« Parvinssé-je » ? Inversion sujet-verbe au « je »
Bonjour,
J’aimerais comprendre une fois pour toutes comment fonctionne l’inversion sujet-verbe à la première personne du singulier, au présent.
Si je ne m’abuse, les verbes en -e prennent alors une terminaison en -é (–> « mangé-je » au lieu de « mange-je »).
Pour les verbes ne se terminant pas par -e, l’inversion est a priori réservée à une liste de verbes restreinte (« avoir », « être », « faire », et quelques autres verbes très courants).
Dès lors, est-il strictement fautif d’opérer une inversion avec un verbe ne faisant pas partie de cette liste ? Exemples : « parviens-je », « nourris-je ».
Autre question : je remarque qu’Antidote, dans la colonne « Euphonies », propose « parvinssé-je ». De quel temps s’agit-il là ? Est-ce une inversion au subjonctif imparfait ?
Merci beaucoup par avance pour vos réponses !
1/
Cet extrait du fameux courrier mauvais, qui a eu les funestes conséquences que l’on sait, de madame de Chaulnes adressé à son époux le duc en 1632 montre que la stricte inversion sans ajout de lettres euphoniques est parfaitement possible pour tous les verbes :
Je pars avec Armand ce soir ; où sont mes tords ?
Ce soir je pars. Pars-je trop tôt, pars-je trop tard ?
— Êtes-vous mal ? demandez-vous. — Non, vous réponds-je.
Ainsi vous mens-je, ami : je suis ce que je mange.
2/
Le mot « parvinssé ».
Au présent de l’indicatif, la construction « parviens-je » n’existe pas en pratique, mais c’est bien ainsi qu’il faudrait théoriquement l’écrire.
Au passé simple de l’indicatif, cette construction existe : « oui, parvins-je enfin à répondre »… Aucun « é » euphonique ne s’ajoute à ce passé simple, et le double « s » serait un problème supplémentaire.
Au subjonctif imparfait, l’inversion théorique de « que je parvinsse » donnerait bien « parvinssé-je », mais c’est la difficulté de trouver un exemple de phase qui rend cette utilisation douteuse.
On peut aller chercher cette possibilité progressivement.
On admet facilement, sauf l’exemple entre crochets :
— Aussi grands qu’ils soient. Aussi grand ssoient-ils.
— Aussi grands qu’ils fussent. Aussi grands fussent-ils.
— Aussi grand que je sois. [Aussi grand sois-je.]
— Aussi grand que je fusse. Aussi grand fussé-je.

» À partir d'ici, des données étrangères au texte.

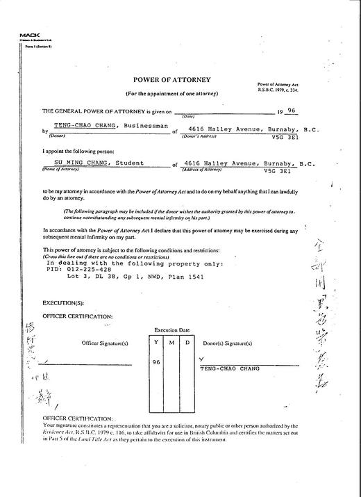 加拿大統一地產經紀鍾太太1997年4月17日預做假見證的空白授權加拿大住家仲 介委託書予張書銘Paul Chang http://classic-blog.udn.com/alpineatks/10927899 CANADA Vanouver Multiple Realty Paul Chang(E-mail:popo_85061@yahoo.com , Tel:00217788895306) is wanted abduction of children http://classic-blog.udn.com/alpineatks/12225067
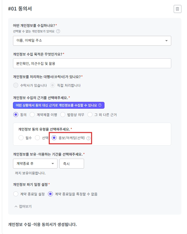 개인정보 수집 및 이용 동의서가 적법하게 준비되었습니다.

Avec un autre verbe, aucun problème sans inversion :
— Aussi loin qu’ils parviennent à avancer, ils ne trouveront que le malheur
— Aussi loin qu’ils parvinssent à avancer, ils ne trouveraient que le malheur
— Aussi loin je parvienne à avancer, je ne trouverai que le malheur
— Aussi loin je parvinsse à avancer, je ne trouverais que le malheur
Pourquoi l’inversion est-elle possible entre « que je fusse » et « fussé-je » mais pas entre « que je parvinsse » et « parvinssé-je » ?

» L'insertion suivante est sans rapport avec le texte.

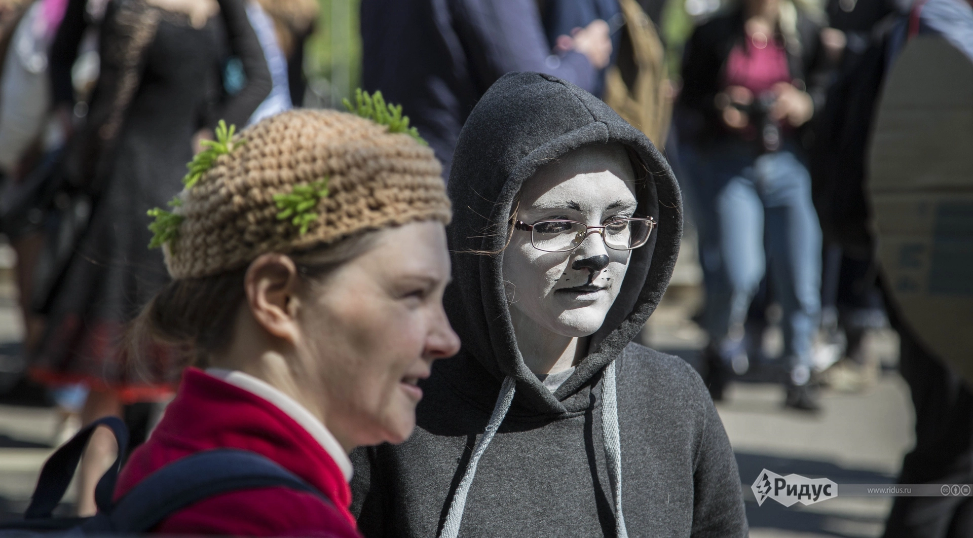 В Москве прошла ежегодная акция «Монстрация». Это шуточная молодежная демонстрация с абсурдными лозунгами, плакатами и нарядами. В ней приняли участие несколько сотен москвичей и гостей столицы.

Cette inversion est syntaxiquement correcte ; elle est seulement rare :
— Aussi fort fussé-je et aussi loin parvinssé-je à avancer, je ne trouverais que le malheur.
3/
Pour les verbes pas en -e.
En inversant « je mens », j’ai déjà croisé « menté-je ». Mais pour avaliser cela il nous faut à la fois une justification étymologique, une règle syntaxique, et une référence lexicale. La règle du « une fois pour toutes » que vous demandez n’existe peut-être pas.
Cette pratique d’inversion sujet-verbe à la 1re personne du singulier est l’objet de débats depuis des siècles et ne peut se résumer.
Vous trouverez ICI un billet quasiment exhaustif sur le sujet.
Je ne le reprends pas mais souligne deux points :
— Une série de verbes est analysée en détail dont votre exemple avec prétendre.
— Comme l’Académie française l’a souligné, il est souvent peu productif de se lancer dans des constructions hasardeuses et il vaut mieux utiliser la forme est-ce que. Seuls quelques verbes monosyllabiques s’emploient couramment avec cette inversion. À l’oral ou à l’écrit, on prend à coup sûr le risque du ridicule, de la confusion ou de la critique sans aucun avantage stylistique.